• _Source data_
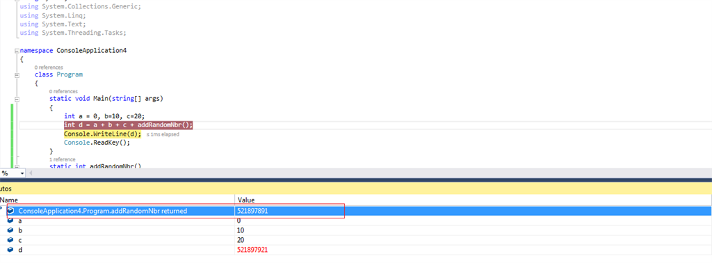 By using Autos window, we can easily debug and inspect multi-line statements.
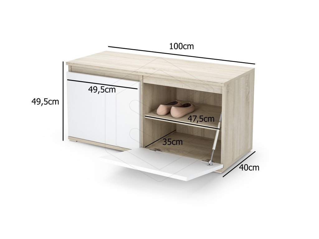 Rozměry botníku naleznete na poslední fotografii v galerii produktu. Dvířka botníku jsou opatřena plynovým pístem, který umožňuje plynulé a snadné otevírání a zavírání. |
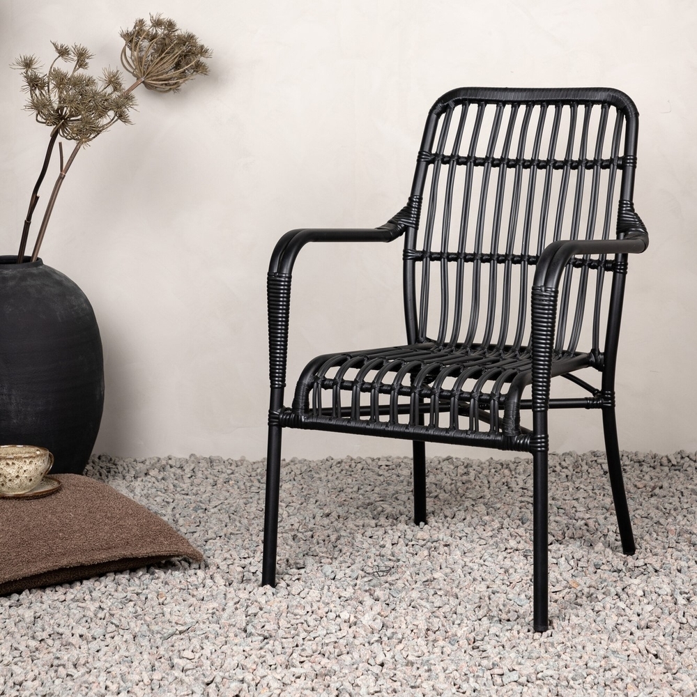 Loungestolen från serien Rizal kommer sätta en modern prägel på blickfånget i uterummet! Den här stolen har en avkopplande ramkonstruktion med integrerade armstöd i svart aluminium och detaljer i flätad rotting. Placera i loungehörnan eller solitär som stilikon - bara fantasin sätter gränser!
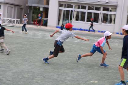 今日の昼休みは、たてわり班で遊ぶ、交流班活動でした。写真は校庭でのボール遊び、鬼ごっこの様子です。6年生の鬼は、少し手加減しながらも、下学年の子が必死になれる絶妙なスピードで追いかけてくれます。
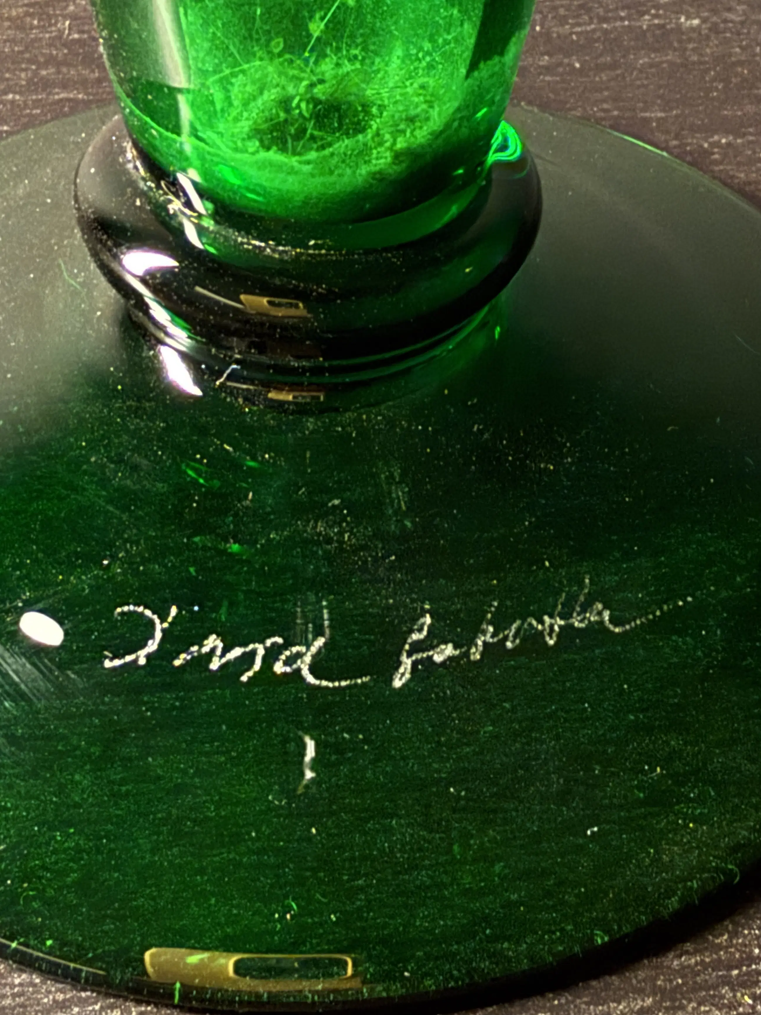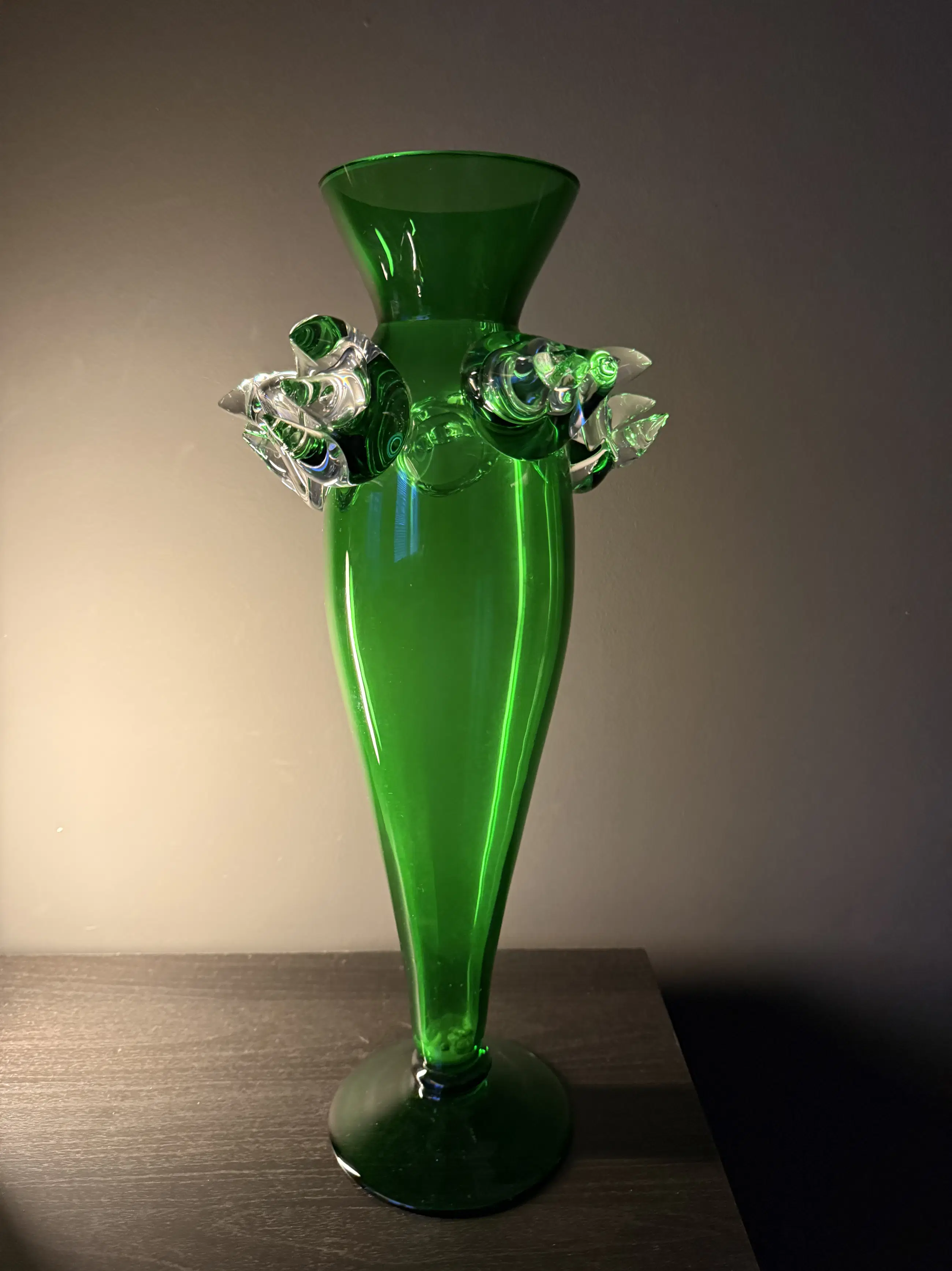 Elegante, slanke design vaas van David Sobotka, uitgevoerd in diep groen glas met rondom de schouder opvallende, aangezette glaselementen in transparant en groen. De decoratieve “krullen/rozetten” geven de vaas een sculpturale uitstraling en zorgen voor prachtig lichtspel en diepte.

• _ACTIVITY_
The lines needed run from the first line of the records through the line containing "今日の昼休みは、たてわり班で", both included. Restate them word for word, without pictures.

• _EXERCISE RESPONSE_
 By using Autos window, we can easily debug and inspect multi-line statements.
 Rozměry botníku naleznete na poslední fotografii v galerii produktu. Dvířka botníku jsou opatřena plynovým pístem, který umožňuje plynulé a snadné otevírání a zavírání. |
 Loungestolen från serien Rizal kommer sätta en modern prägel på blickfånget i uterummet! Den här stolen har en avkopplande ramkonstruktion med integrerade armstöd i svart aluminium och detaljer i flätad rotting. Placera i loungehörnan eller solitär som stilikon - bara fantasin sätter gränser!
 今日の昼休みは、たてわり班で遊ぶ、交流班活動でした。写真は校庭でのボール遊び、鬼ごっこの様子です。6年生の鬼は、少し手加減しながらも、下学年の子が必死になれる絶妙なスピードで追いかけてくれます。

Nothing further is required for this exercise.